Adsorption of cell-free ascites fluid (cell-free) with Staphylococcus aureus Cowan I suspension

AF was mixed with SAC (10%, v/v) suspension in 1:1 (v/v) ratio and incubated for 1 hour at 37°C with slow stirring.[1],[2],[13] AF mixed with bacterial suspension was centrifuged at 2000rpm for 10 minutes at 4°C to pellet the bacterial mass. After centrifugation, bacterial pellet was discarded and ascites fluid (cell-free) was collected. At this step, cell-free ascites fluid is already diluted to 1:1 ratio and this fluid is designated as adsorbed ascites fluid (ad-AF) for further reference. Before storing, ad-AF was filtered with 0.22-µm sterile filter under aseptic conditions. This ad-AF is used as therapeutic material throughout this study. Quantitation of CICs in AF and ad-AF was performed by polyethylene glycol precipitation method.

Tumor cell counts and tumor cell viability

On day 18, tumor-bearing animals from different groups were killed by cervical dislocation. Ascites fluid was collected from the peritoneal cavity of mice with the use of 16G needle. Volume of ascites fluid collected from individual animals was recorded. Collected ascites fluid from animals of different group was centrifuged at 2000rpm for 10 minutes at 4°C to pellet tumor cells. Supernatant was discarded and separated tumor cells were washed twice with RPMI-1640 for 10 minutes at 2000rpm at 4°C. The tumor cells removed from ascites fluid were counted using hemocytometer and viability of tumor cell was ascertained by Trypan Blue Dye Exclusion test.[1],[2],[13]

Preparation of liver homogenate

On day 18, post-tumor transplantation animals from each group were killed by cervical dislocation. Liver was surgically removed from the abdominal cavity of animals and liver weight was recorded. Blood clots from liver were removed using chilled PBS. Liver was minced with scissors and homogenized with 10% (w/v) with phosphate buffer (pH 7.4) using the medium setting (10 ups and downs strokes) of Potter Elvehjem homogenizer.

Enzymatic assays and assay for –SH contents

The liver homogenate was further subjected to subcellular fractionation at 9000 × g as per the methods described by Hook et al.[19] This S-9 fraction of liver homogenate was further used for the estimation of activities of different phase I and phase II drug metabolizing enzymes and –SH contents. Aniline hydroxylase (AH) and aminopyrine-N-demethylase (AD) activities were assayed by following the method of Mazel.[20] Glutathione-S-transferase (GST) activity was estimated by the method of Habig et al.[21] using 9.6 as molar coefficient for 1-chloro-2, 4-dinitrobenzene. Total sulfhydryl (TSH) and GSH contents were estimated by the method of Jollow et al.[22] Lowry’s method was used to estimate protein contents and Bovine Serum Albumin was used as a standard to extrapolate protein contents in samples.[23]

Estimation of hepatic glutamate oxaloacetate transaminase and hepatic glutamate pyruvate transaminase

Hepatic glutamate oxaloacetate transaminase (GOT) and glutamate pyruvate transaminase (GPT) have been used in this study as marker enzymes for the assessment of liver injury. GOT and GPT activities were measured by the methods of Wooten.[24] Aspartate (0.2 M) was used as a substrate in reaction mixture for GOT. DL-alanine (0.2 M) was used as a substrate in reaction mixture for the estimation of GPT. Optical density of the end product was read at 510 nm.

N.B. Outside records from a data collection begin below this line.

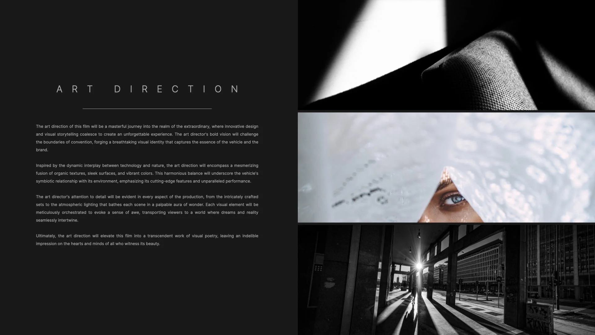 With this purpose-built director’s treatment template, complete with pre-filled text, hand-picked images, and an intuitive drag-and-drop interface, you can create luxury-inspired commercial pitch decks in no time.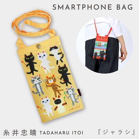 人気作家 糸井忠晴が描く、独特のタッチと温かみあふれる猫たちを、愛らしいスマショルダーバッグにしました。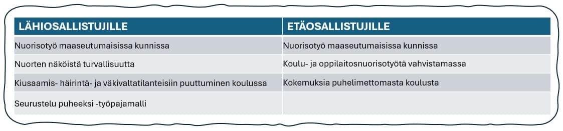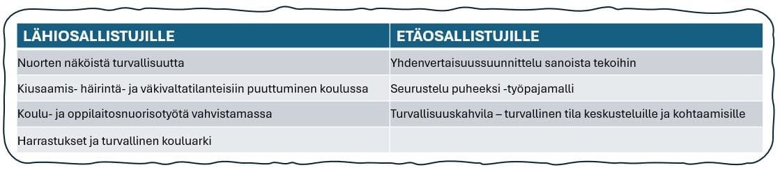 Kohderyhmä; koulujen ja oppilaitosten monialaisten kasvattajayhteisöjen jäsenet ja johtajat, sekä nuorisoalan ammattilaiset.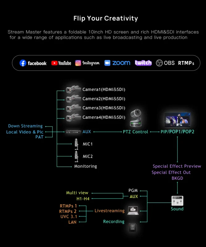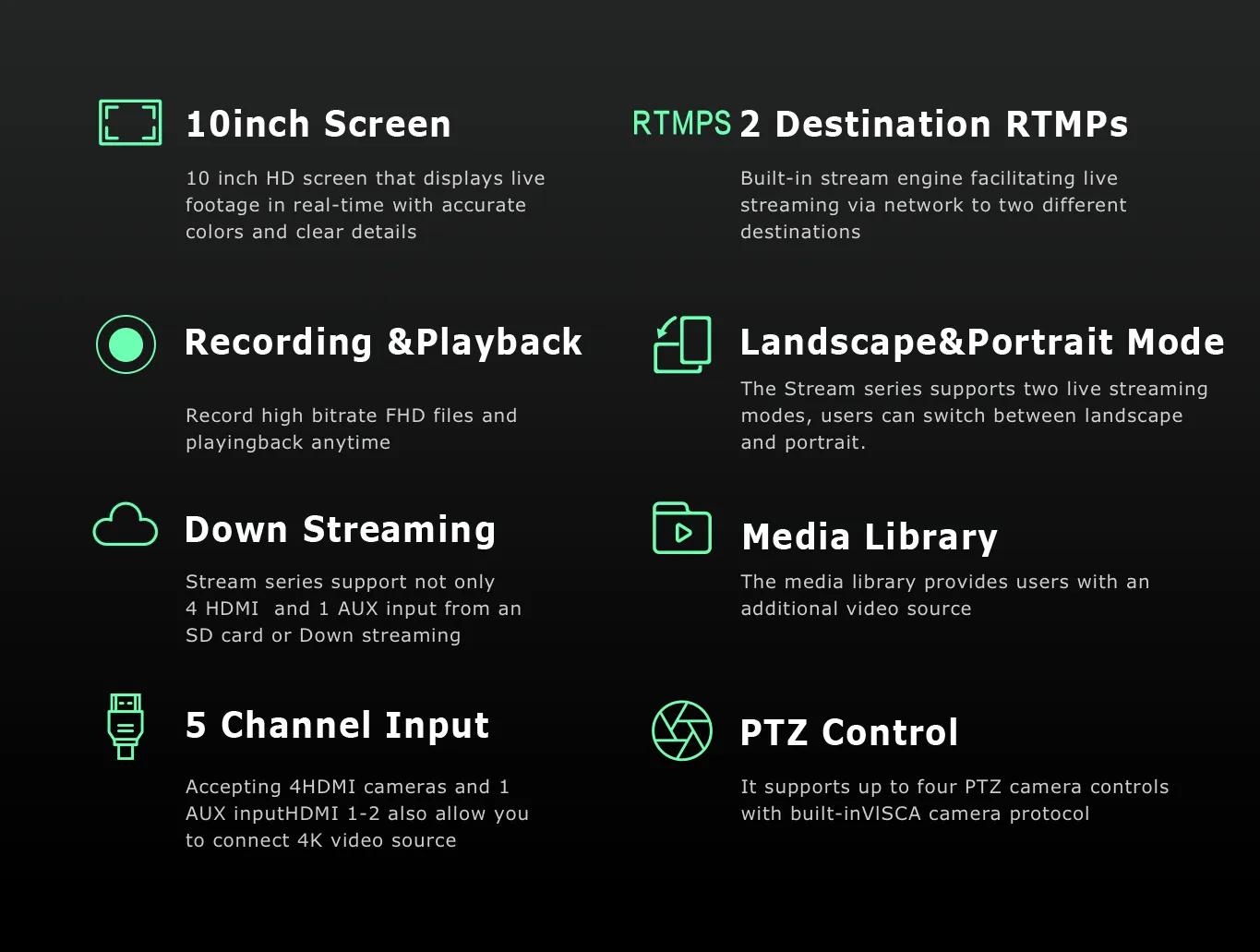 Stream Master คือ Live Streaming Switcher ระดับมืออาชีพที่มาพร้อมหน้าจอ 10 นิ้วความละเอียดสูง รองรับ 4K Input สามารถควบคุมกล้อง PTZ ได้ถึง 4 ตัว และมีฟังก์ชัน Dual RTMP Streaming พร้อมระบบบันทึกและเล่นซ้ำแบบเรียลไทม์

Exogenous administration of N-acetylcysteine

N-acetylcysteine (HiMedia Laboratories, Mumbai, India) was dissolved in normal saline at concentrations of 50, 100, 200, and 400mg/kg body weight.[25] NAC solution in normal saline was filtered with 0.22 µm sterile filter under aseptic conditions. Sterile NAC solution was stored as aliquots of suitable size at −20°C. NAC (0.1mL) was injected intraperitoneally with specified concentrations to the tumor-bearing animals of respective groups. NAC (0.1mL) and ad-AF (0.1mL) was given as i.p. injections separately but on the same day.

Treatment protocol

For the experiments, animals were randomly divided into 3 groups of 15 animals. Ten animals from each group were monitored for the survival as well as changes in body-weight gain till 100% mortality was observed in each group. Rest 5 animals from each group were sacrificed on day 18th for the estimation of different biochemical endpoints. A detailed treatment schedule of animals is described in [Table 1].
Table 1: Details of ad-AF and NAC treatment to different groups of animals

Click here to view


Statistical analysis

The statistical analysis of data and level of significance was determined by one-way analysis of variance test using Prism Software.


   Results Top


Selection of dose of N-acetylcysteine

To select the optimal dose of NAC for the protection of host from the hepatotoxicity induced by the inoculation of ad-AF, a pilot experiment was performed. For the initial experiment, different doses of NAC viz. 50, 100, 200, and 400mg/kg body-weight were tried. Specified doses of NAC (0.1mL) were given i.p. on alternate days from the day of tumor transplantation, i.e., day 0. Changes in body weight were monitored on alternate days till 100% mortality was observed in each group.[25]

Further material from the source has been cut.